To date, no guidelines for ARN treatment are available, and suggestions are gathered from case reports. Correction of coagulopathy (i.e., discontinuation of anticoagulant and administration of antidote) and general supportive care are the mainstays [11].The latter should include fluids administration and urine alkalinisation to prevent RBC precipitation in acidic environment. Early use of steroids to promote renal function recovery and minimize the risk for CKD is suggested by observational studies. Steroids were useful in our patient probably because of underlying IgAN; however, promoting an anti-inflammatory response could be beneficial also for haematuria-associated renal damage. Anti-inflammatory pathway induced by CD163 may decrease haemoglobin cytotoxicity and repair damaged tissues [12].

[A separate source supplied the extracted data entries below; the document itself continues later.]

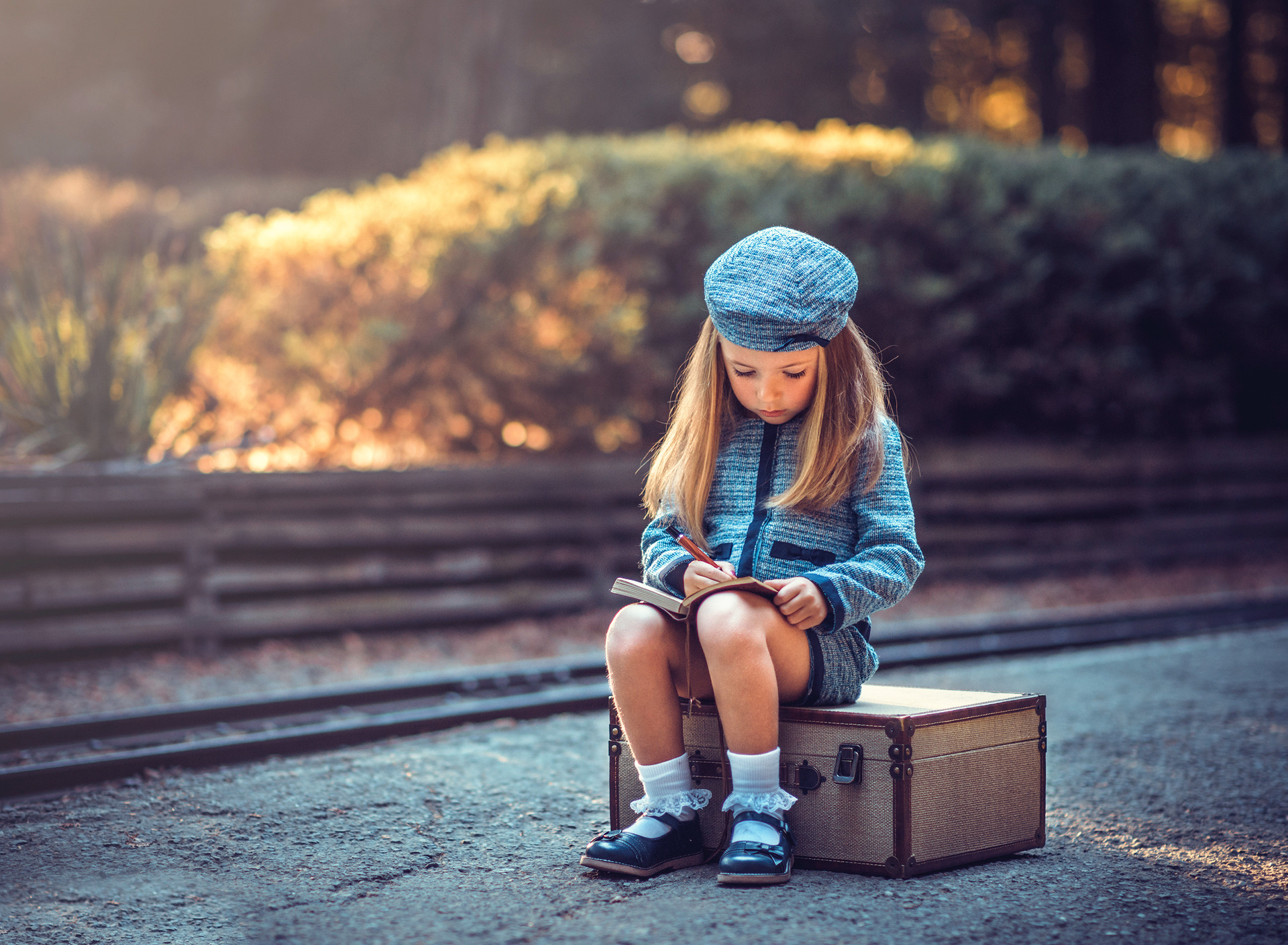 Обои дівчинка, перон, чемодан, зошит для рабочего стола.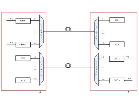 1) 在網(wǎng)絡(luò)的接入層,由于接入節(jié)點(diǎn)數(shù)量眾多,位置分散,速率相對(duì)不高,比較經(jīng)濟(jì)有效的解決方案是采用基于CWDM或DWDM技術(shù)的小型化波分方案。該方案采用開(kāi)放式、模塊化、可熱插拔的設(shè)備設(shè)計(jì)方式,集成可實(shí)現(xiàn)ITU規(guī)定的波分系統(tǒng)標(biāo)準(zhǔn)波長(zhǎng)轉(zhuǎn)換功能的光收發(fā)模塊,配備無(wú)源合波、解波器,可按照需求靈活配置最多16路的CWDM波長(zhǎng),以及最多48路的DWDM波長(zhǎng)信號(hào),并可實(shí)現(xiàn)單模多模信號(hào)之間的轉(zhuǎn)換。圖1為CWDM/DWDM小型化波分方案的示意圖。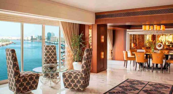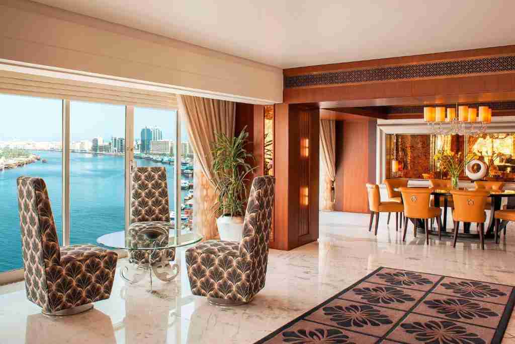 یکی از لوکسترین انتخابهای هتل؛ ترکیبی از فضای بزرگ، پذیرایی زیبا، مبلمان درجهیک و چشمانداز پانورامیک به کریک دبی.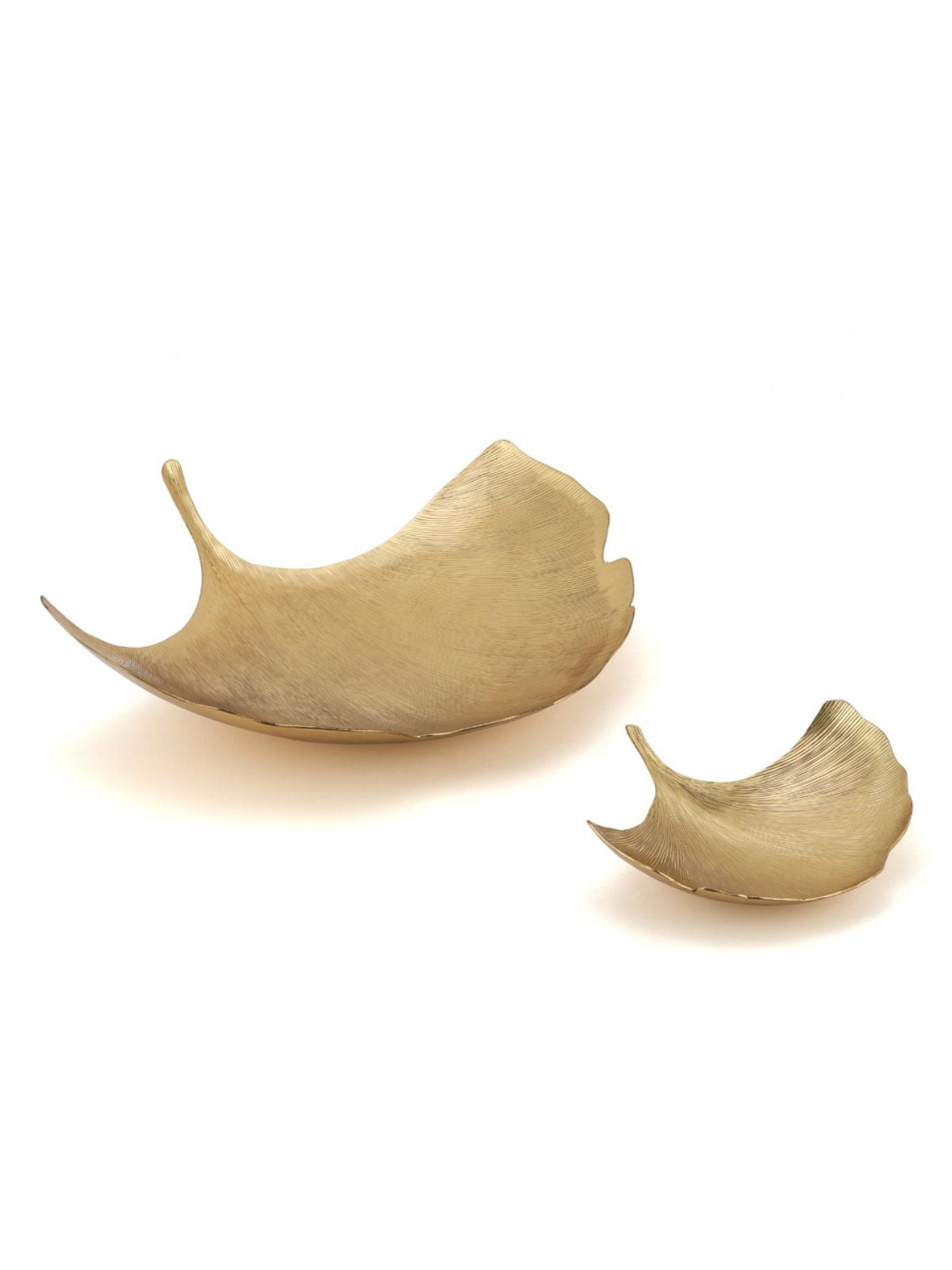 Ginkgo leaf platter is inspired from the ginkgo leaves. Ginkgo is highly unusual nonflowering plants. The organic form of this platter is the key highlighting feature of this product. This handcrafted, piece shows the detailing of the veins and the skill of the metal artisan. It is made in brass, using our age old nakashi craft. Nakashi Craft is one of the most detailed and time consuming craft. Ginkgo leaf platter serves the purpose of fruit bowl, serve ware, etc.
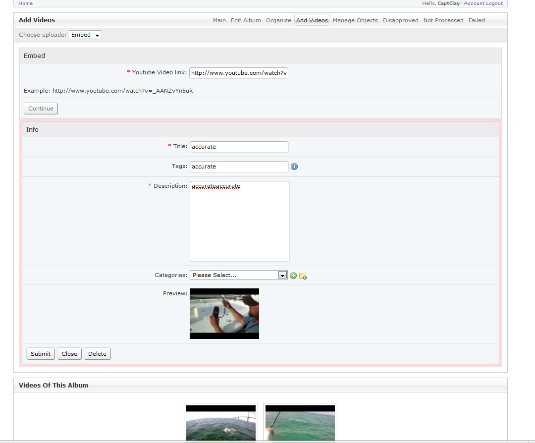 Okay... i just removed the file and I got the message that said, "video upload failed" again. So, maybe it something to do with my server. All I know is this... With new file = no go (no matter what permissions I use on it) With old file = works (only with permission set to 777) Without file = no go I don't claim to understand why it works like this and I understand your argument that ffmpeg.exe shouldn't have anything to do with embedding videos in the video section. I'm absolutely positive that you know more about that stuff than I do. But what am I to think about the results I am getting? I think I'm not going to think to much about it and just go with what works. |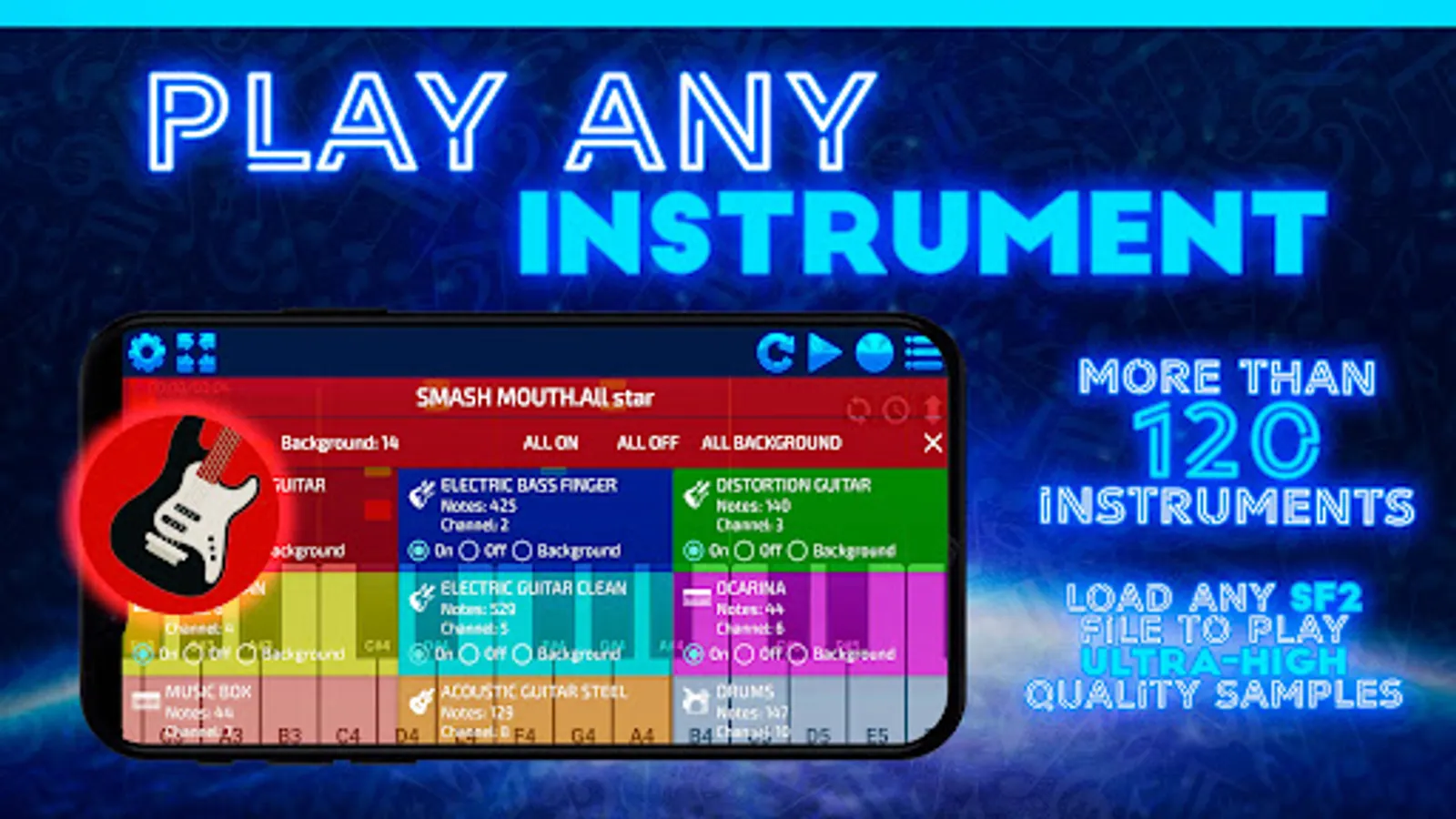 • Load any SF2 File to play with custom instrument samples

ARN and PIN share some pathogenetic features. Few evidence [7, 13] suggest that mannitol together with bicarbonate have no advantage over fluid resuscitation in managing AKI due to rhabdomyolysis, and its use remains controversial. However, randomized controlled trials are lacking, and its beneficial effect cannot be excluded [14]. The rationale to use mannitol consists first in a washout effect, that flushes out intratubular necrotic debris [2]; second, in scavenger ability of hydroxyl and other free radicals [13], minimizing cells' injury through an antioxidant effect, and last, in vasodilatation and improvement of renal blood flow [15]. Although it is a long-standing drug, its benefits in haematuria-associated renal damage have not been established yet.

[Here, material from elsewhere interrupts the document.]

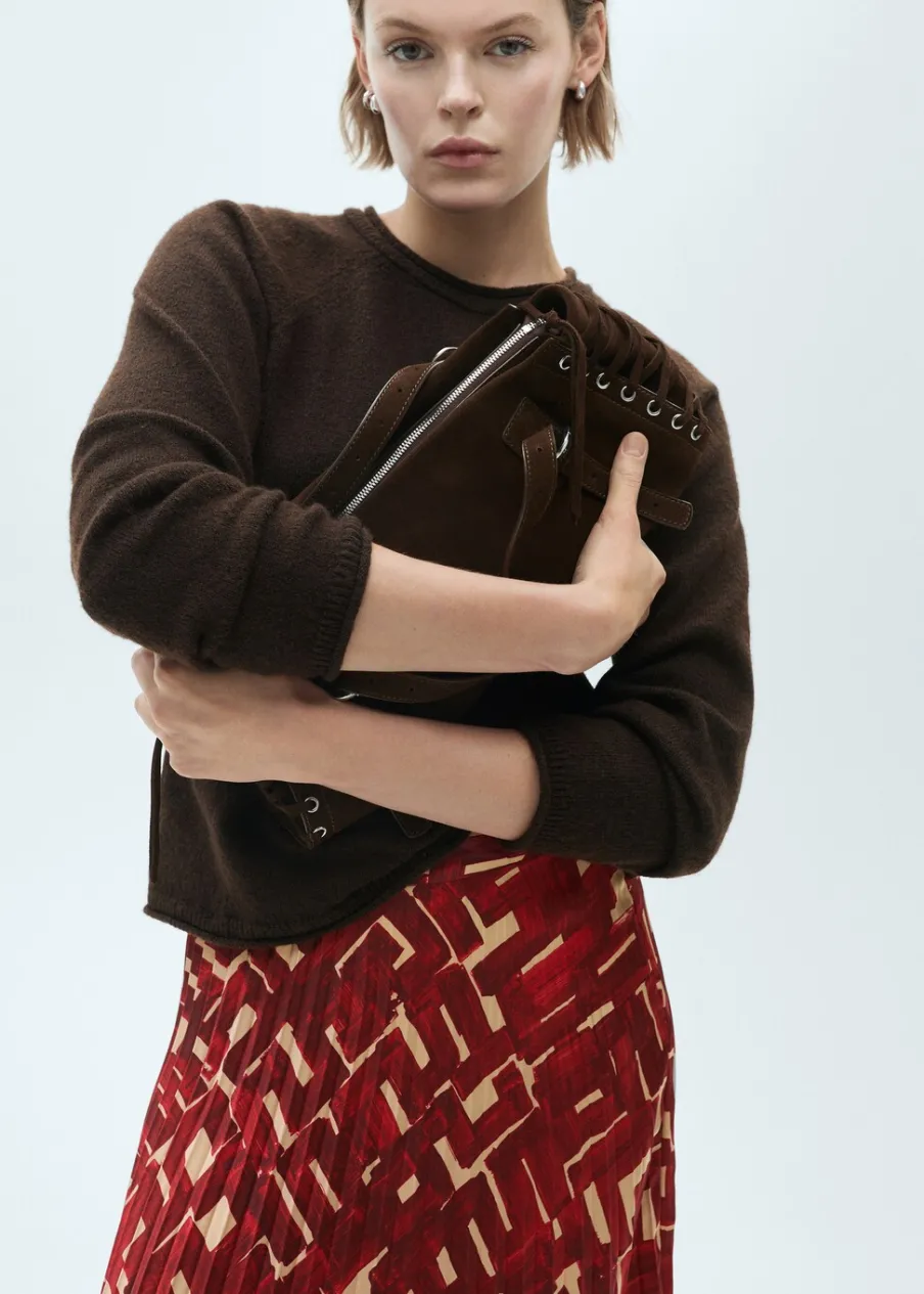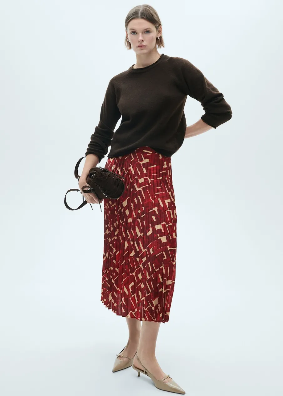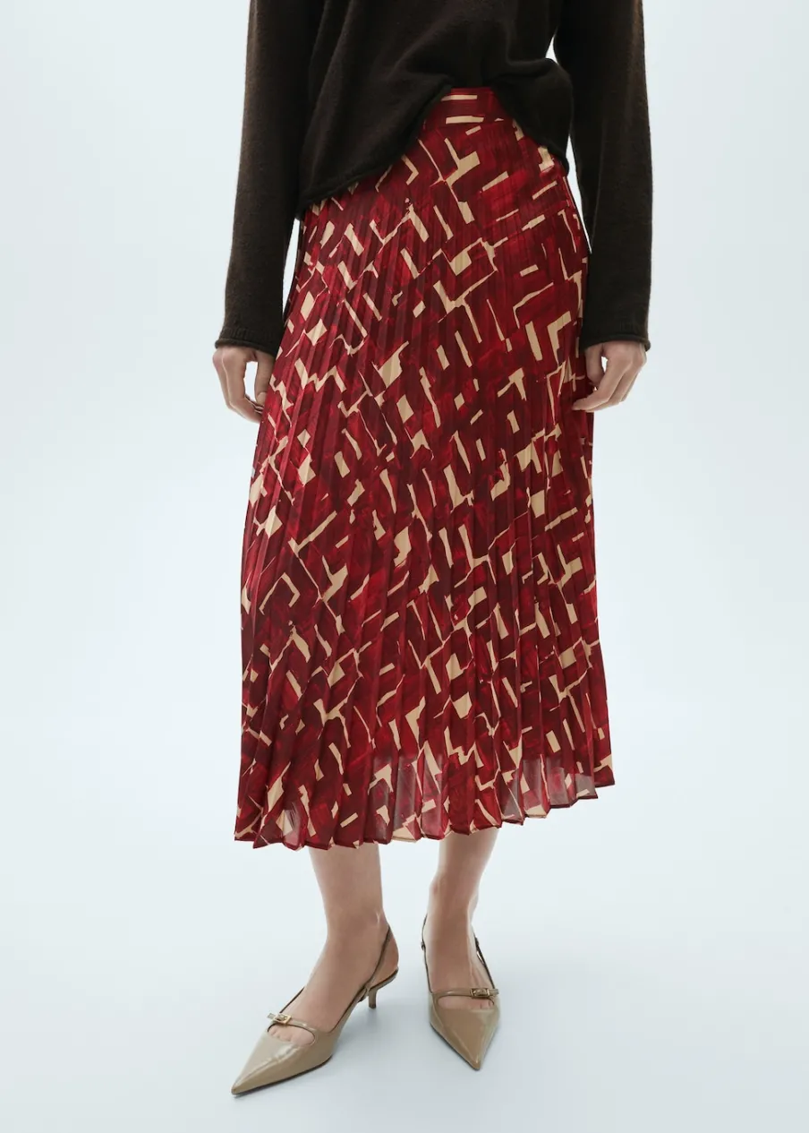 Lejąca tkanina. Satynowa tkanina. Średni stan. Model evasé. Model długi. Nadruk. Plisowanie. Model prosty. Kryte zapięcie na zamek z boku. Modelka ma 180 cm wzrostu i nosi rozmiar S/36.

To the best of our knowledge, there are 8 published case reports describing biopsy-proven dabigatran-induced RBC cast nephropathy. Three patients needed RRT, with only two patients with eventually full recovery of renal function. Among patients conservatively treated, sCr returned to the baseline value in three patients only [10, 11, 16–21]. In the contest of overanticoagulation in a subject on NOAC, haematuria suggests that ARN should be taken into account in differential diagnosis; renal biopsy plays a crucial role in this field. None of these patients was treated with mannitol and bicarbonate; in our patient, the sharp and progressive decrease of sCr shortly after their initiation suggests that they could be an option.

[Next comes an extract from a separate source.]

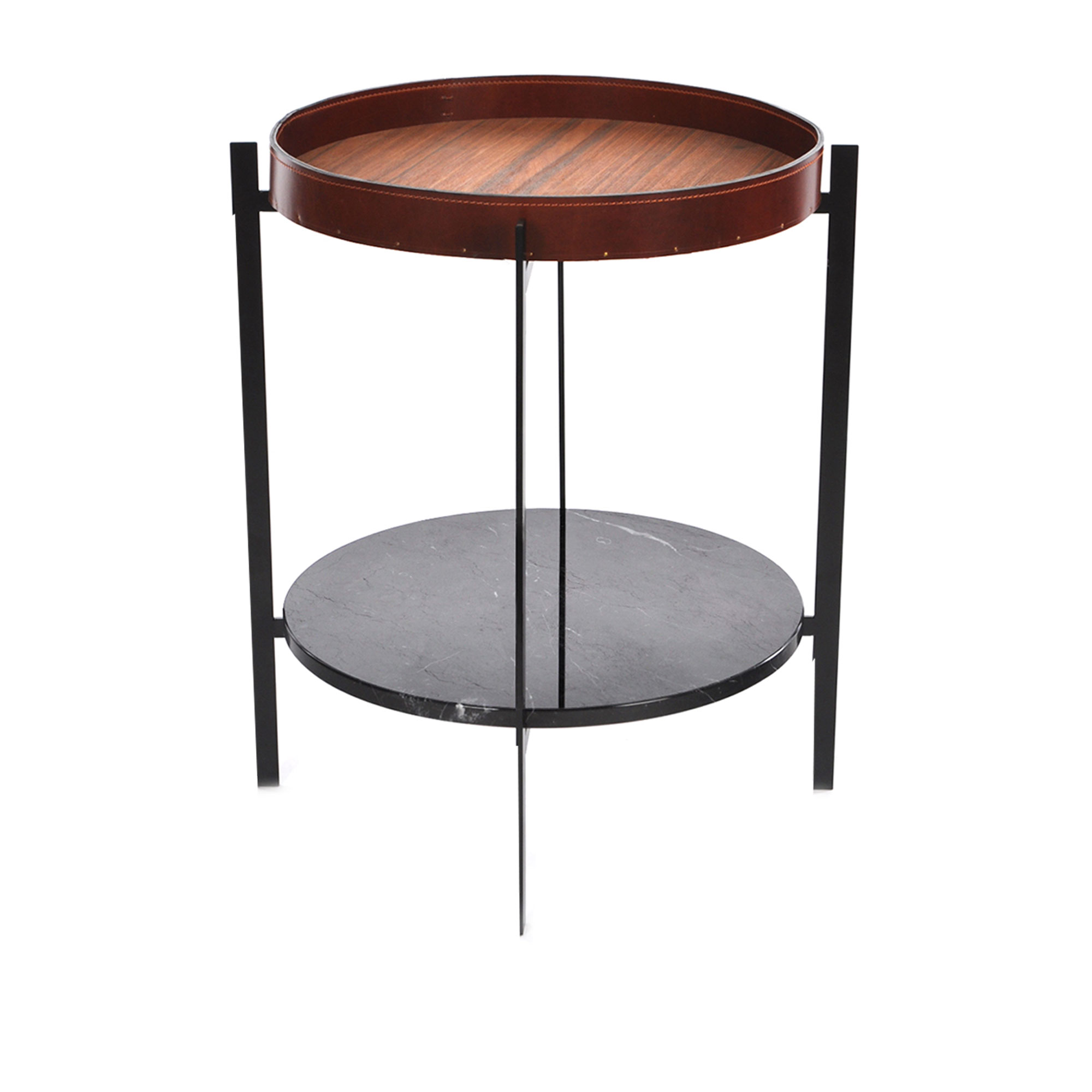OX Denmarq - Deck Table, Black Steel Frame, Trays: Teak Black Marble - Sidobord - Dennis Marquart - Träfärgad - Läder/Trä

Although warfarin has a stronger association with renal events compared to NOAC, several cases have highlighted safety issues for kidney related to NOAC use. In patients on anticoagulants presenting with AKI and haematuria, ARN should be always considered. Once coagulopathy is reversed, performing a kidney biopsy is important to identify any form of renal disease. Mannitol together with sodium bicarbonate and steroids was associated with rapid improvement in renal function. Although only a multicentric prospective study could establish the best strategy for ARN, the combination therapy described in the present case could be informative.